Question

In: Finance

Which of the following statements is CORRECT? a. The financial manager's proper goal should be to...

Which of the following statements is CORRECT?

a.

The financial manager's proper goal should be to attempt to maximize the firm's expected cash flows, since that will add the most to the individual shareholders' wealth.

b.

The financial manager should seek that combination of assets, liabilities, and capital that will generate the largest expected projected after-tax income over the relevant time horizon, generally the coming year.

c.

The riskiness inherent in a firm's earnings per share (EPS) depends on the characteristics of the projects the firm selects, and thus on the firm's assets. However, EPS is not affected by the manner in which those assets are financed.

d.

Potential agency problems can arise between managers and stockholders, because managers hired as agents to act on behalf of the owners may instead make decisions favorable to themselves rather than the stockholders.

e.

Large, publicly owned firms like IBM and GE are controlled by their management teams. Ownership is generally widely dispersed; hence managers have great freedom in how they run the firm. Managers may operate in stockholders' best interests, but they also may operate in their own personal best interests. As long as they stay within the law, there is no way to either force or motivate managers to act in the stockholders' best interests.

Solutions

Expert Solution

Potential agency problems can arise between managers and stockholders, because managers hired as agents to act on behalf of the owners may instead make decisions favorable to themselves rather than the stockholders is the correct option.

Option d is correct option

The financial manager's proper goal should be to attempt to maximize the firm's expected cash flows, since that will add the most to the individual shareholders' wealth. is incorrect as the goal of the financial manager is to maximize the shareholder's equity.

The financial manager should seek that combination of assets, liabilities, and capital that will generate the largest expected projected after-tax income over the relevant time horizon, generally the coming year is false

The riskiness inherent in a firm's earnings per share (EPS) depends on the characteristics of the projects the firm selects, and thus on the firm's assets. However, EPS is not affected by the manner in which those assets are financed.- False. EPS is calculated as earnings available divided by outstanding shares. It is affected by the assets financed, as it eventually affects the equity.

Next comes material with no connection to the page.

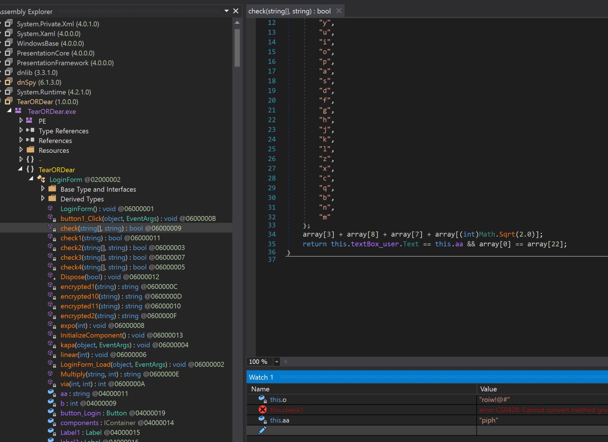 Let's set a breakpoint at that if function and check the memory. Now, some of you might have noticed that I stupidly tried to debug this in DNSpy x64 not x86. I fixed that now XD I set the breakpoint, run the program, and enter a for the userename and b for the password. Now when we add a watch to this.o and this.check1 we notice that this.check1 cannot be "watched," but that this.o's value is "roiw!@#" Why can't we watch this.check1? Because it is function logic and not really a variable. Let's follow the check1 logic path.

Large, publicly owned firms like IBM and GE are controlled by their management teams. Ownership is generally widely dispersed; hence managers have great freedom in how they run the firm. Managers may operate in stockholders' best interests, but they also may operate in their own personal best interests. As long as they stay within the law, there is no way to either force or motivate managers to act in the stockholders' best interests. - False as the company is directed by board of directors.